It’s written by Charlie Kaufman, though, and while I’d love to say it’s hilarious, brilliant, or even moderately clever, it’s actually pretty awful.  It does have at least some of the hallmarks of a writer who knows he’s too good for the crap he’s writing.

Part 1, Part 2. Part 2's the one with Charlie's episode.

 

Was BJM the best film of 1999?

Rob Harvilla of The Ringer thinks so.

Being John Malkovich turns 20 this year (!!!), as does every film released in 1999... and since 1999 was arguably one of the greatest years in American movie history, they've been spending this week taking a second look at some of those masterpieces.

Here's how the article starts:

The first hour of Being John Malkovich—Spike Jonze’s first feature film, Hollywood’s equally momentous introduction to dour-genius screenwriter Charlie Kaufman, and without question my favorite movie of 1999 back in 1999—is a plenty psychedelic and traumatic thing. Particularly for John Malkovich himself. This sublimely bonkers movie’s first half alone will forever change the way you think about puppeteering, threesomes, personal identity, office buildings, Cameron Diaz, and the lust of the elderly.
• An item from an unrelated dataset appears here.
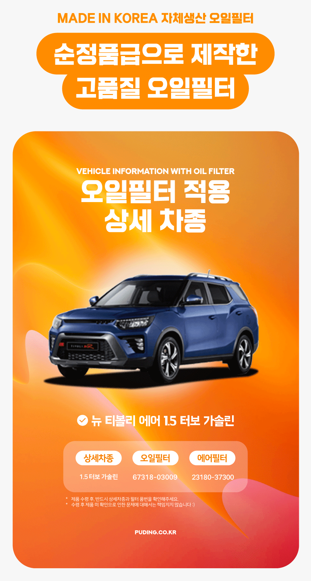 푸딩에서 고품질 오일필터를 저렴하게 교체해보세요! (MADE IN KOREA 자체생산)
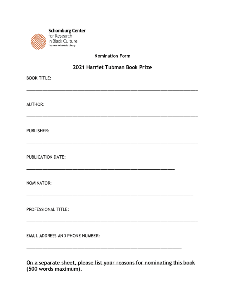 Nomination Form 2021 Harriet Tubman Book Prize BOOK TITLE: AUTHOR: PUBLISHER: PUBLICATION DATE: NOMINATOR: PROFESSIONAL TITLE: EMAIL ADDRESS AND PHONE NUMBER: On a separate sheet, please list your

But the most shocking and delightful scene is when a terrified Malkovich turns to the only friend he can trust and the last person you’d expect. (Source)

Thanks to Tim!

Do Get Out and BJM exist in the same universe?

So here's a thing, which hinges on Catherine Keener's presence in both Being John Malkovich and Get Out:

[In Being John Malkovich] After becoming pregnant by the body of John Malkovich while Lotte was inhabiting it (I probably should have mentioned that this article is NSFW), Maxine [Keener] gives birth to a daughter, Emily, whom she and Lotte happily intend to raise together. Except, as we learn in the last scene of the movie, Craig’s soul is actually trapped in the young daughter’s body. Talk about a classic setup for a sequel!

As the theory (which likely began on Reddit but has now become widespread enough to warrant its own lengthy section on the Being John Malkovich Wikipedia page) goes, Maxine and Lotte continued to crave the experience of inhabiting other people’s bodies, even after the Malkovich portal had closed. They eventually crossed paths with neurosurgeon Roman Armitage, the malevolent patriarch of Get Out, who transplanted the spirit of dressed-down Cameron Diaz into the body of Bradley Whitford (Malkovichy enough, I guess, given the options). Of course when you relocate your family to try and find illicit portals into other people’s consciousness, it’s always wise to assign everybody new identities, so “Rose Armitage” is actually grown-up Emily, and such is the nuance of Allison Williams’s performance that I didn’t even realize she was playing a disgruntled John Cusack trapped in a young woman’s body until at least the third viewing.

[...]

Still on the fence? What if I told you that the place where Chris finds the incriminating photos of Rose’s past paramours in Get Out is … BEHIND A VERY TINY DOOR? (Source)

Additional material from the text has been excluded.